I considered learning CSS Grid for this project too, but I have never done anything with grid, and it seemed like a bit of overhead for this time. In the desktop footer layout there is some double-flexbox (flex within flex) going on that would probably be cleaner with a grid, but this will be for another time.

Jekyll

I’ve found Jekyll to work well for my needs, so I continue to use it without too much of a change from the previous site version. The biggest change is that I extracted the theme into a separate gem, instead of keeping it within the site code. I have two sites with the same design: in addition to this one, also my Estonian-language site. Previously, all the layout and CSS was duplicated to both sites, which is exactly as dumb as it sounds. Now I can remove the duplicate assets from both sites and they just link to the gem theme.

I considered publishing the gem theme, but am not choosing to do it right now, largely because I don’t want to distribute the full Calendas font in this fashion. If you find the theme interesting and would like to use it, though, do let me know and let’s work something out.

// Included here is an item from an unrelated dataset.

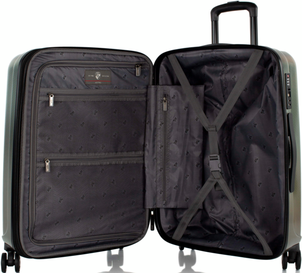 Валіза Heys Astro дійсно неординарна завдяки своєму металевому кольору і поверхні, що переливається. Інноваційний, стильний дизайн привертає увагу та задає настрій кожній вашій подорожі. Валіза виготовлена з легкого полікарбонатного композиту чим забезпечено міцність, легкість і довговічність, щоб надати вашим речам найкращий захист зі стилем. Подвійні колеса-спінери забезпечують легке переміщення різними поверхнями. Основне відділення має розділювач на блискавці з двома сітчастими кишенями та два еластичні ремені для фіксації речей, що закріплюються застібкою.
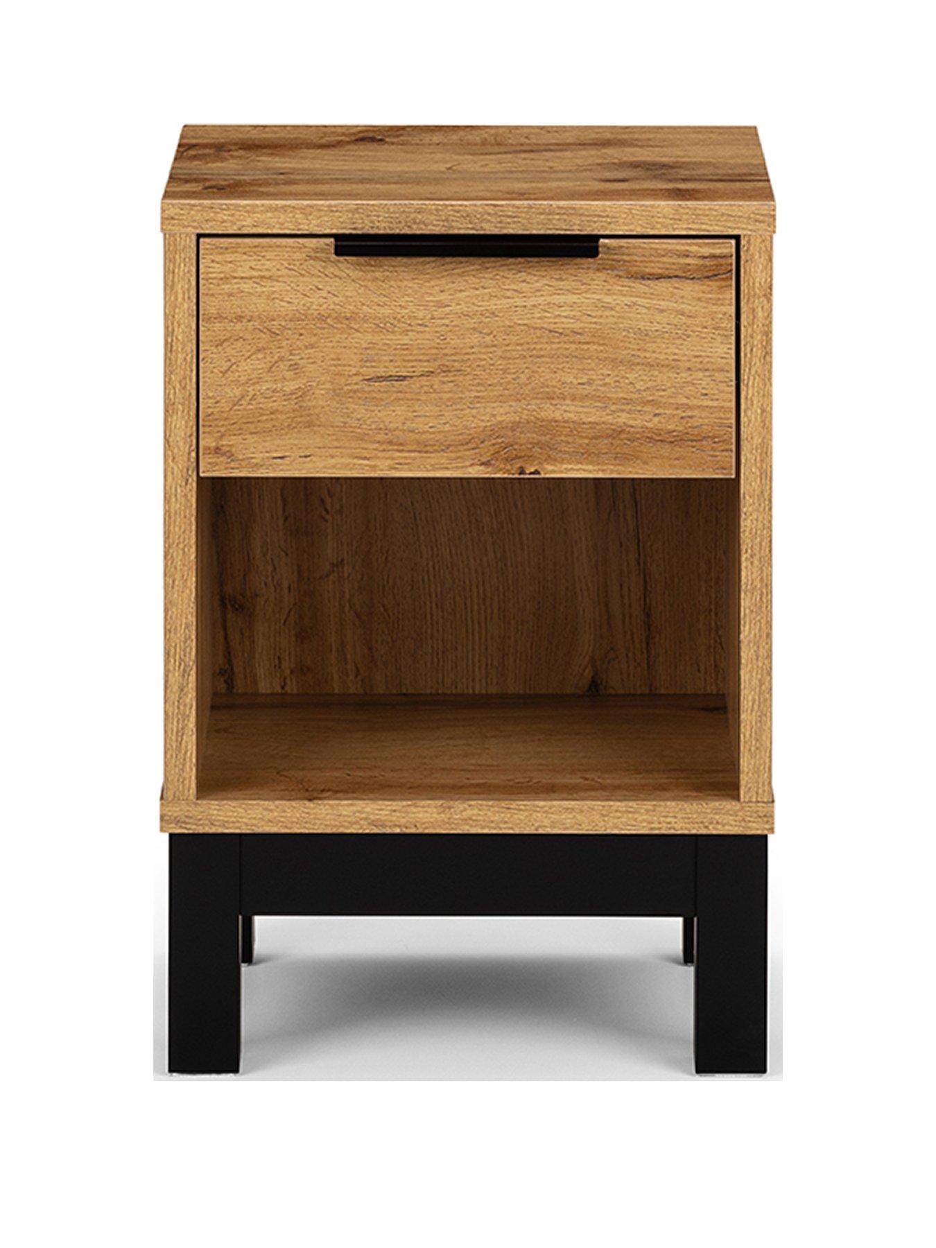 Julian Bowen Bali 1 Drawer Bedside in Oak EffectThis modern bedside chest from Julian Bowen's Bali collection features a stunning look with a richly grained oak-effect finish. This is eye-catchingly contrasted by the black base and a matching handle to create a fashionable appearance in your bedroom. The single drawer is complemented by an open storage cubby that's perfect for books, ornaments and more.Extra contemporary points comes from the click assembly tech which allows you to put it together with ease. Matching furniture is available separately, search 'Bali' to see the full range. Please remember to measure your available space before ordering. Dimensions: Height 50, Width 35, Depth 26 cm

The one workflow issue that I found with gem themes: if you edit any embedded assets, Jekyll can live-rebuild the site while the development server is running. If you edit the files of a gem theme, though, Jekyll doesn’t pick that up automatically, which means you’d have to manually trigger a rebuild, which is dumb. So during development, I ended up copying the assets over to the site, edit them, and after the session is done, copy them back into the theme for version control. Which is dumb. I wish there was a cleaner way to do this.

Let me know

Please do let me know if you spot any bugs with the new design. I did try to test the site extensively on the platforms that I care about (mostly meaning Apple computers and devices, and some Windows), but I’m sure there are bugs here and there.